Time Equal. Uniform Acceleration. Distance = ???

The initial speed of body will be equal to zero. So, in ${ t }_{ 1 }$ seconds, ${ x }_{ 1 }$ distance is traveled, in ${ t }_{ 2 }$ seconds, ${ x }_{ 2 }$ distance is traveled and in ${ t }_{ 3 }$ seconds, ${ x }_{ 3 }$ distance is traveled.
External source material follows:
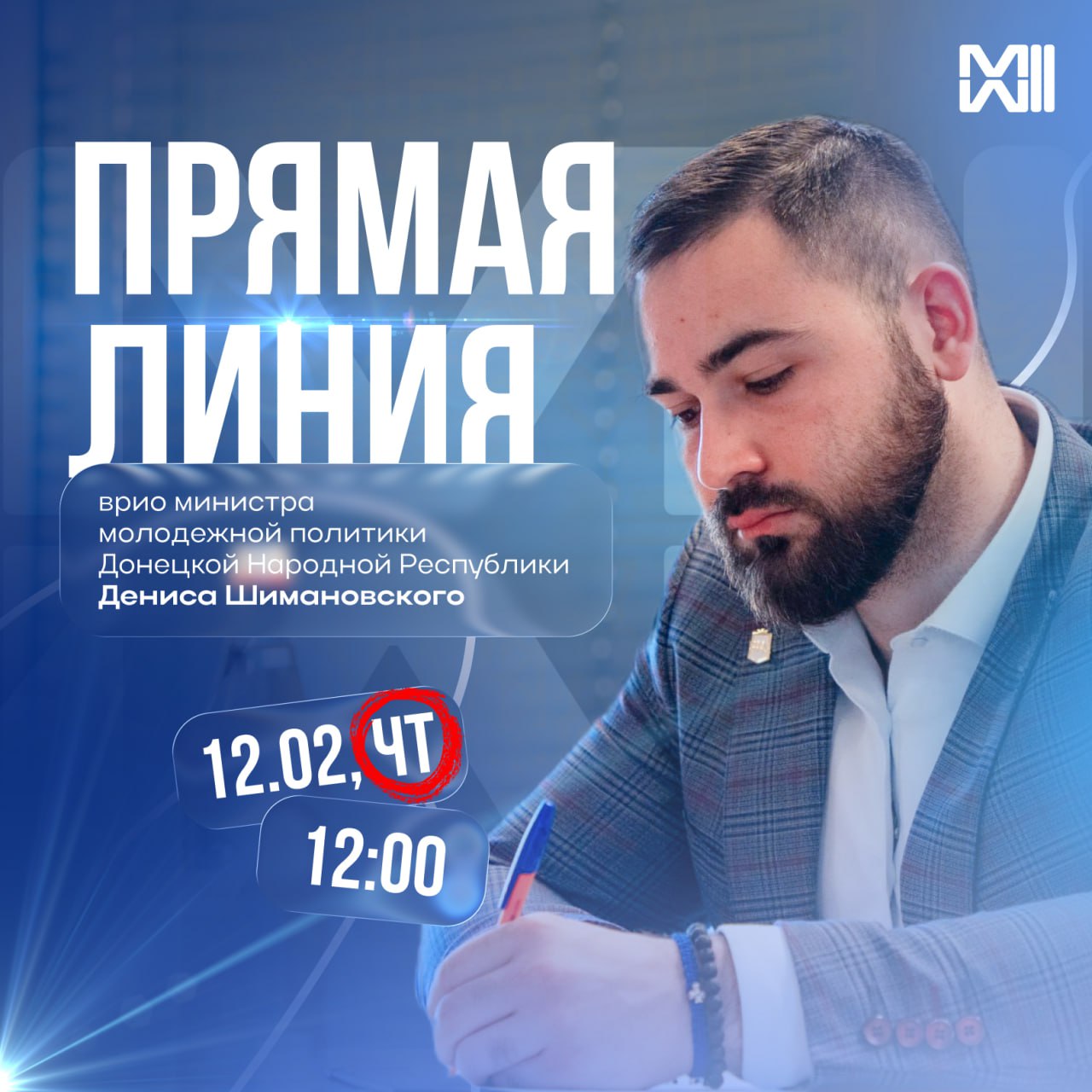 12 февраля в 12:00 врио министра молодежной политики ДНР Денис Шимановский проведет первую в этом году Прямую линию.

Since $s=ut+\frac { 1 }{ 2 } a{ t }^{ 2 }$ , and when u=0 so in this case it reduces to $s=\frac { 1 }{ 2 } a{ t }^{ 2 }$

${ x }_{ 1 } = \frac { 1 }{ 2 } a{ { t }_{ 1 } }^{ 2 }$ $\Rightarrow$ ${ x }_{ 1 } = \frac { 1 }{ 2 } a{ 20 }^{ 2 }$ = 200a

${ x }_{ 2 }=\frac { 1 }{ 2 } a({ { t }_{ 2 } }^{ 2 }-{ { t }_{ 1 } }^{ 2 })$ $\Rightarrow$ ${ x }_{ 2 }=\frac { 1 }{ 2 } a({ 40 }^{ 2 }-{ 20 }^{ 2 })$ = 600a

${ x }_{ 3 }=\frac { 1 }{ 2 } a({ { t }_{ 3 } }^{ 2 }-{ { t }_{ 2 } }^{ 2 })$ $\Rightarrow$ ${ x }_{ 3 }=\frac { 1 }{ 2 } a({ 60 }^{ 2 }-{ 40 }^{ 2 })$ = 1000a

So, * A : B : C* :: 1 : 3 : 5

$\boxed{A+B+C = 9}$

As we know x is directly proprtional to the square of time taken. So distance in first part =x, distance in first part+second part=4x distance in first part+second part+third part=9x We directly conclude the ratio as 1:3:5 and answer will be 1+3+5=9

They are three distances then the answer is 3^2 = 9